Humour in eLearning

Welcome to my new section on humour in eLearning.

woman in white tank top using macbook air on brown wooden table
Photo by Andrea Piacquadio on Pexels.com

Why humour in eLearning?

Well humour has always fascinated and intrigued me. I remember making my mother laugh till she cried when I was about 4 by doing an impression of Gran and thinking ‘wow, isn’t making people laugh great?!’.

Moving into learning as both a learner and a creator, I have seen many instances of humour being used as a tool. It is especially powerful in face-to-face and live learning (which also has the added benefit that an attempt at humour that falls flat can be quickly glossed over!).

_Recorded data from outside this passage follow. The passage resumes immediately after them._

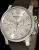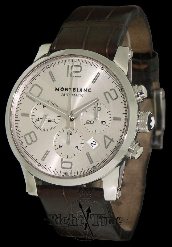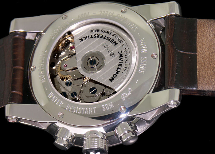 Montblanc Timewalker automatic chronograph powered by Valjoux 7753 27 jewels movement, all polished stainless steel case with observation back, and brown leather strap
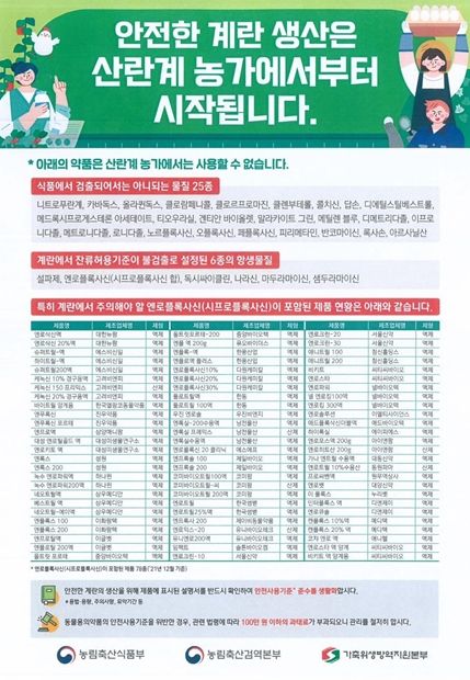 계란 살충제 검사에서 부적합 확인시에는 계란 출하중지, 회수‧폐기 조치 및 부적합 농가에 대해 전문방제업체를 지정하여 해충방제를 실시하고 원인조사를 통해 위반이 확인된 농가는 과태료 등 행정처분을 실시할 계획이다.
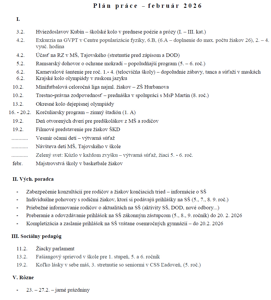 Plán február 2026

However, I live in a world of self-paced eLearning modules, designed to teach project specific guidelines to a global audience. This brings about many challenges. No-one wants dry and dull modules, and where the subject allows a humorous interjection can help the learner feel included, at ease and engaged. But, being relatively static a piece of light-hearted or humorous content can be mulled over, hit a wrong note, be a distraction or even inadvertently offensive.

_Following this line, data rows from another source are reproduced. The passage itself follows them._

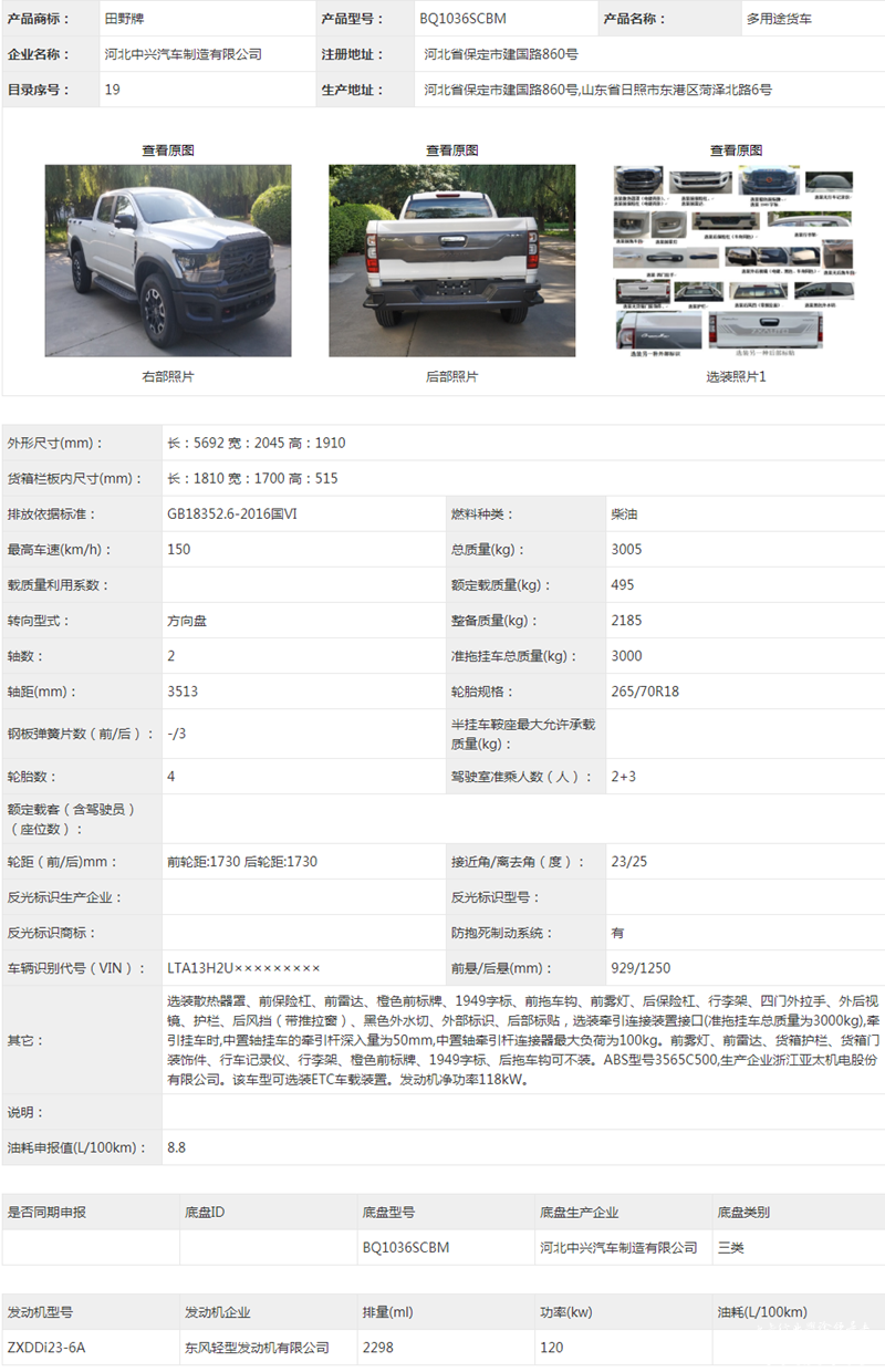 总体来看,中兴这款全新皮卡也有几分亮点:首先是配备后窗推拉窗,方便后排乘客从货箱处拿取物品;其次是3吨的拖挂资质在国内皮卡中也比较少见;而据之前报道,该车还将会配备采埃孚8速手自一体变速箱,以及后桥螺旋弹簧多连杆悬架,这也为中兴皮卡的品牌形象提升不少。
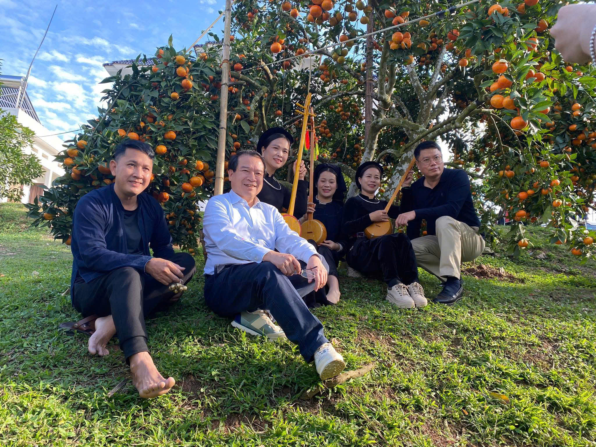 Đoàn khảo sát sản phẩm du lịch, chụp ảnh lưu niệm tại vườn cam Lục Ngạn
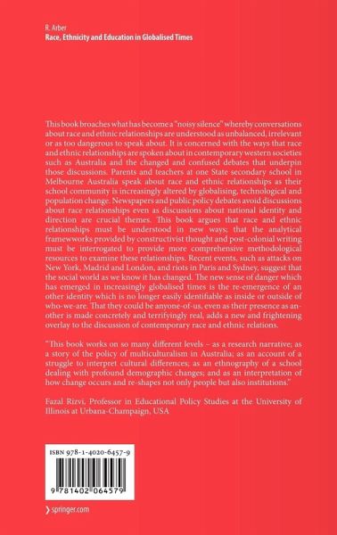 This book provides a research narrative of the way an urban school community speaks about race and ethnic relationships in times of change. It analyses the history of multicultural policy and practice in Australia. Coverage also discusses the struggle to understand identity and race and cultural difference and presents a comprehensive methodological framework to explore the complex interactions that shape race and ethnic relationships.

Many guides on creating engaging eLearning will say ‘include humour’, ‘add a little humour’ and leave it at that as if it is a universal given, an easy skill and obvious. But, in our increasingly global world the very definition of humour can be difficult and as such many people are put of or wary of using it in an eLearning setting or at the other end of the spectrum cram it in left, right and centre with little to no learning advantages.

For my project idea for the H818 module for the Masters in Online and Distance Education, I am planning an open resource Rise artifact to be hosted on my blog that will include references, resources and reflective activities for eLearning designers to consider on the subject of humour in eLearning in the frame of making a global audience feel engaged and included. I will be making a lightening presentation on this project and its seating in the theme of inclusion and openness though perhaps in a flip, we may find ourselves considering how we should also be aware not to be exclusionary in our use of humour.

Whilst the project does not need to be fully fledged for the purpose of the module I am hoping the resource will continue after the module end and be a resource of use to new and seasoned eLearning designers. I hope it will continue to grow and perhaps be picked up elsewhere.